A data-driven framework to identify influencing factors for soil heavy metal contaminations using random forest and bivariate local Moran's I: A case study

J Environ Manage. 2025 Jan 21:375:124172. doi: 10.1016/j.jenvman.2025.124172. Online ahead of print.

Abstract

The efficacy of traceability analysis is often limited by a lack of information on influencing factors for heavy metal (HM) contaminations in soil, such as spatial correlations between HM concentrations and influencing factors. To overcome this limitation, a novel data-driven framework was established to identify influencing factors for soil HM concentrations in an industrialised study area, in Guangdong Province, China, mainly using random forest (RF) and bivariate local Moran's I (BLMI) on the basis of the 577 soil samples and the 18 environmental covariates.
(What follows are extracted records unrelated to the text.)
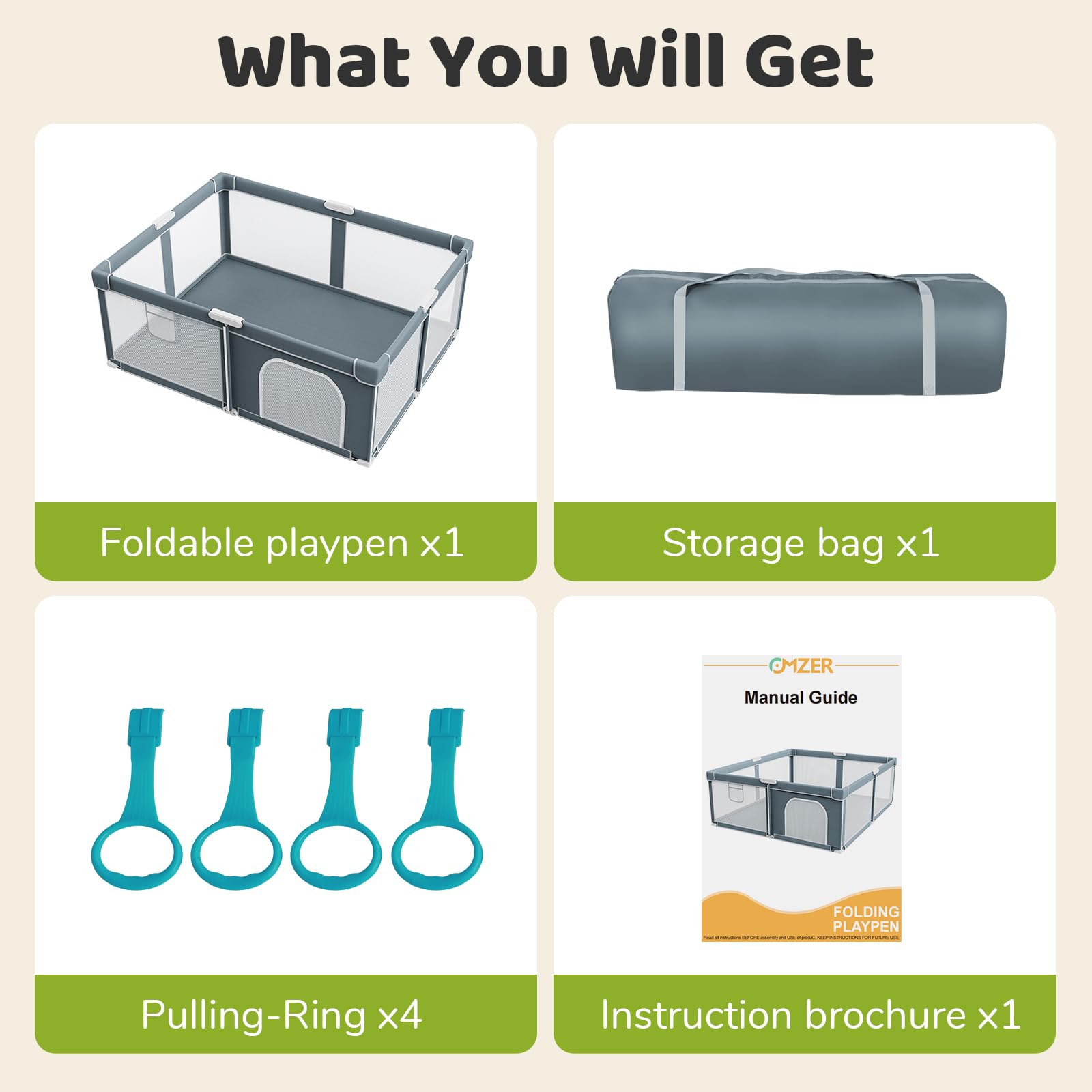 【Foldable Baby Playpen】 OMZER Foldable Baby Playpen engineered with collapsible baby playpen technology, the baby playpen comes with 4 pull tabs and storage bag. It can be set up and taken down in just 60 seconds, and perfect muted grey color for any decor, great for space and decor conscious parents. Assembly time is reduced by 70% compared to traditional baby playpen.
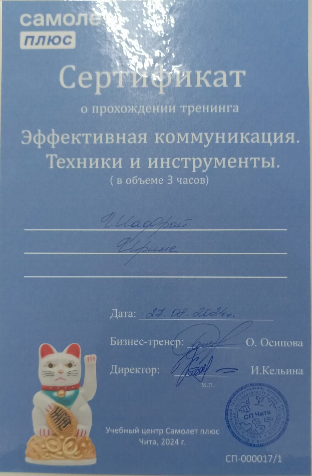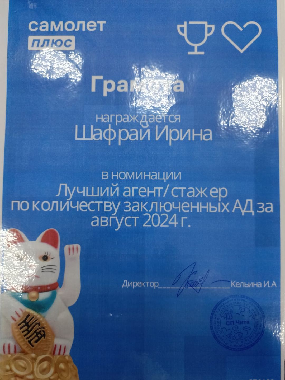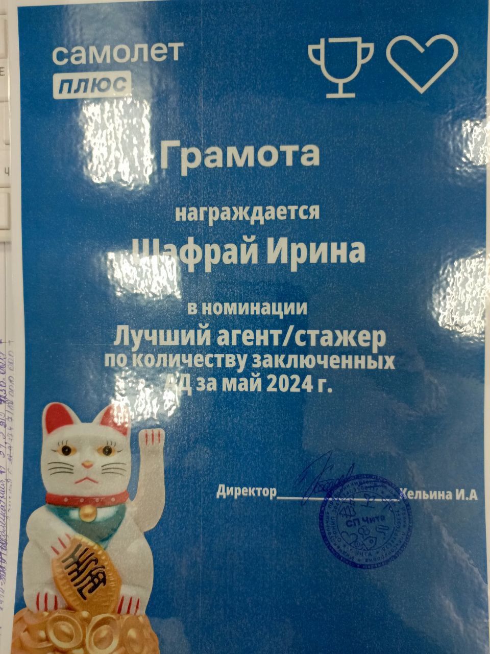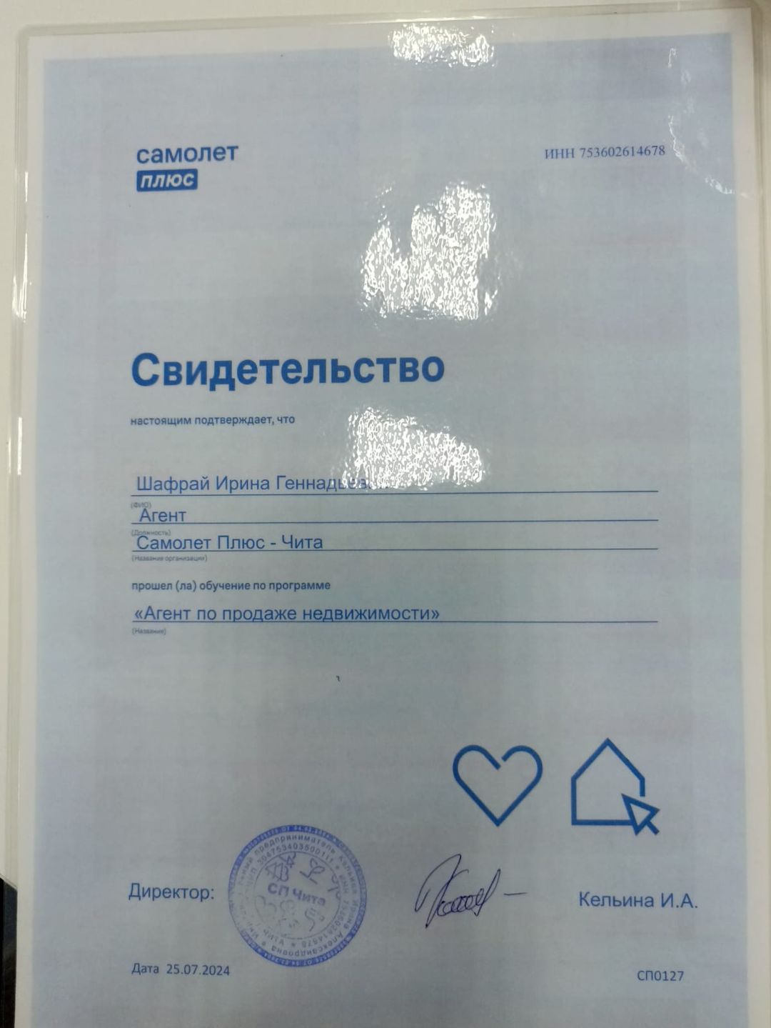 Хочу поблагодарить за личную работу агента Самолют Плюс (Чита) Шафрай Ирину.Быстро и грамотно помогла решить вопрос с продажей дома.Профессионал своего дела.Спасибо за проделанную работу
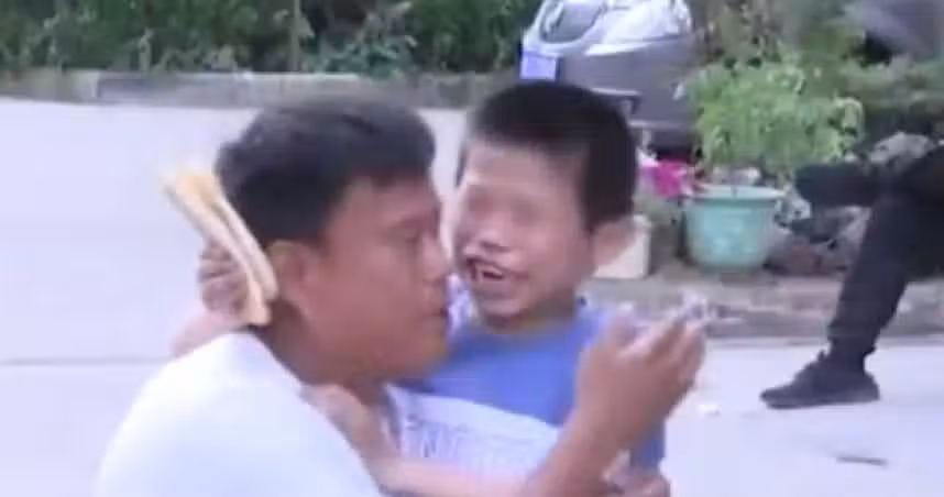 龐先生想著趕緊把兒子接回來,可是當他見到兒子那一刻,直接被眼前的一幕嚇傻了。只見兒子滿身傷痕、雙腿殘疾,舌頭也沒了,說不出整句話來,只能發出單音節的嘶啞聲響。雖然兒子今年16歲了,但是因為長期的營養不良,非常的瘦弱,身高和智力也只有幾歲的孩子一般。看到兒子這樣,父親心如刀絞,淚崩:「對不起,你受了太多的苦,對不起,都是我的錯...」
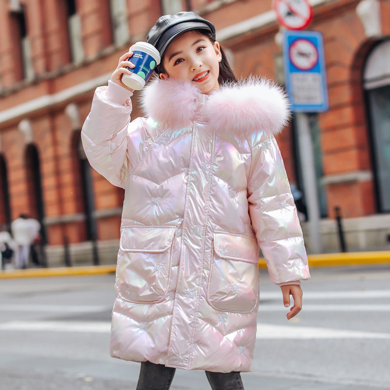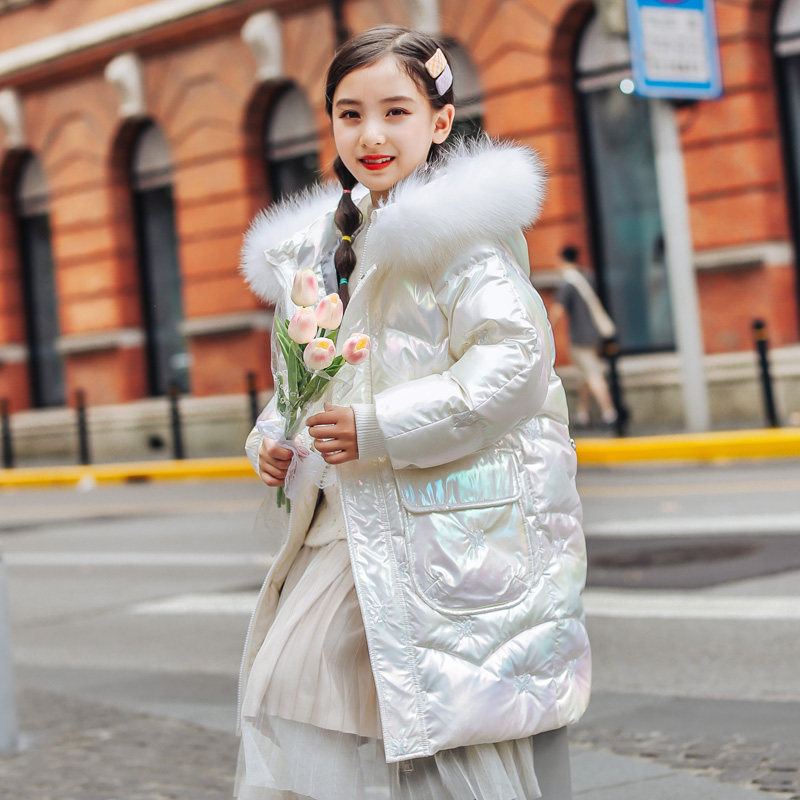 Bala girls down jacket thickened bright surface wash-free medium and long version of the western style big boy girl winter coat tide
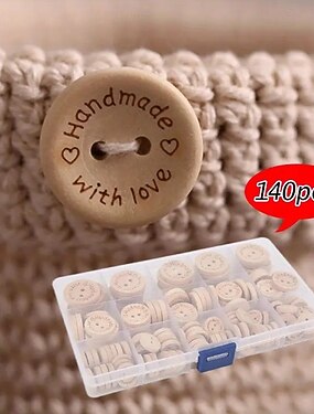 Lot de 140 boutons de couture en bois, ensemble de boutons mixtes multi-tailles avec design à 2 trous, boutons décoratifs et fonctionnels pour vêtements, artisanat et projets de bricolage
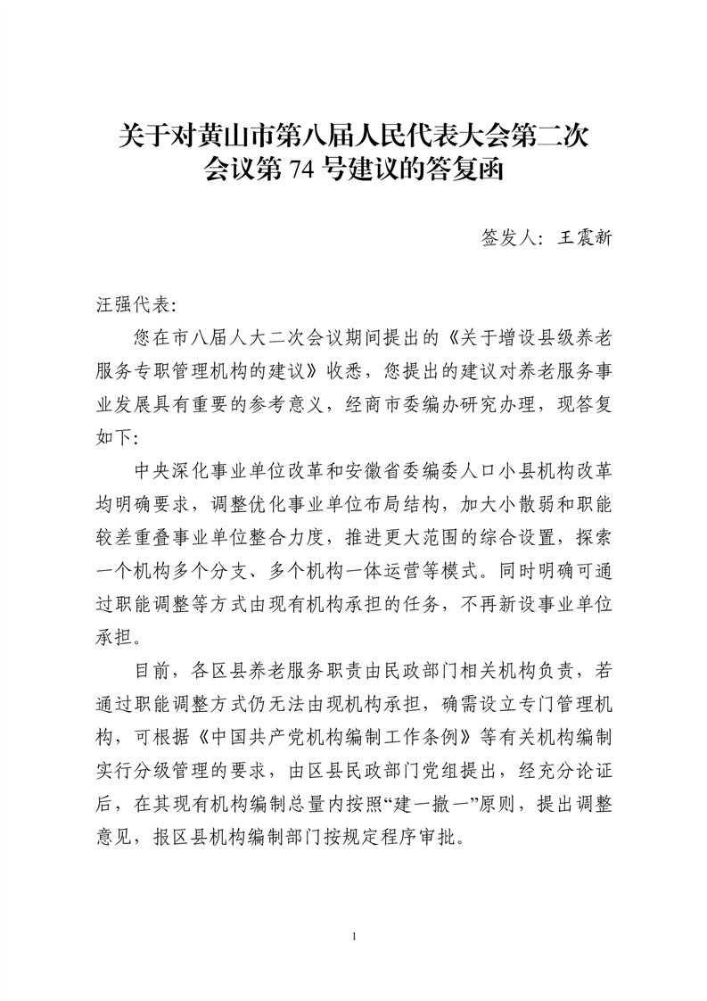 关于对黄山市第八届人民代表大会第二次会议第74号建议的答复函
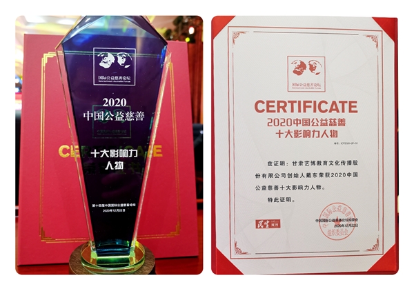 艺博教育创始人戴东老师荣获2020中国公益慈善十大影响力人物
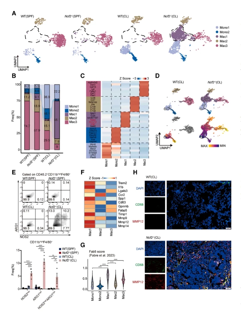 通過對巨噬細胞亞群進行聚類分析和功能富集,發(fā)現(xiàn)巨噬細胞分為5個亞群,Mac1亞群在CL?Ncf2?/?小鼠中顯著增加。Mac1同時表達M1(Nos2)和M2(Arg1)標志物,以及促纖維化基因(如Mmp12、Spp1)。免疫熒光顯示MMP12+巨噬細胞特異性分布于肉芽腫外圍。以上結果提示MMP12+巨噬細胞具有混合表型,可能通過細胞外基質重塑促進肉芽腫的纖維化包裹。

The quantitative contributions of the 18 influencing factors for the Cd, As, Pb, and Cr concentrations were determined by the optimised RF. The main influencing factors of Cd were petrol stations (10.97%) and railways (9.99%), the main ones of As were groundwater depth (8.45%) and elevation (8.24%), the main ones of Pb were soil pH (8.82%) and hazardous waste disposal sites (8.02%), and the main ones of Cr were mine tailings (13.65%) and rainfall (11.88%). The eight spatial clustering maps between the four HM concentrations and the two key influencing factors were generated by BLMI. The middle part of the study area has shown the higher concentrations of Cd, As, Pb, and Cr, the more complex human activities and the more high-high clusters. Priority attention should be paid to the middle part when taking the specific prevention and control measures for their contaminations. This data-driven framework provided rich information on influencing factors, including HM concentrations, HM contaminations, quantitative contributions, and qualitative spatial clusters.

Keywords: Bivariate local Moran's I; Heavy metals; Influencing factors; Random forest; Soil.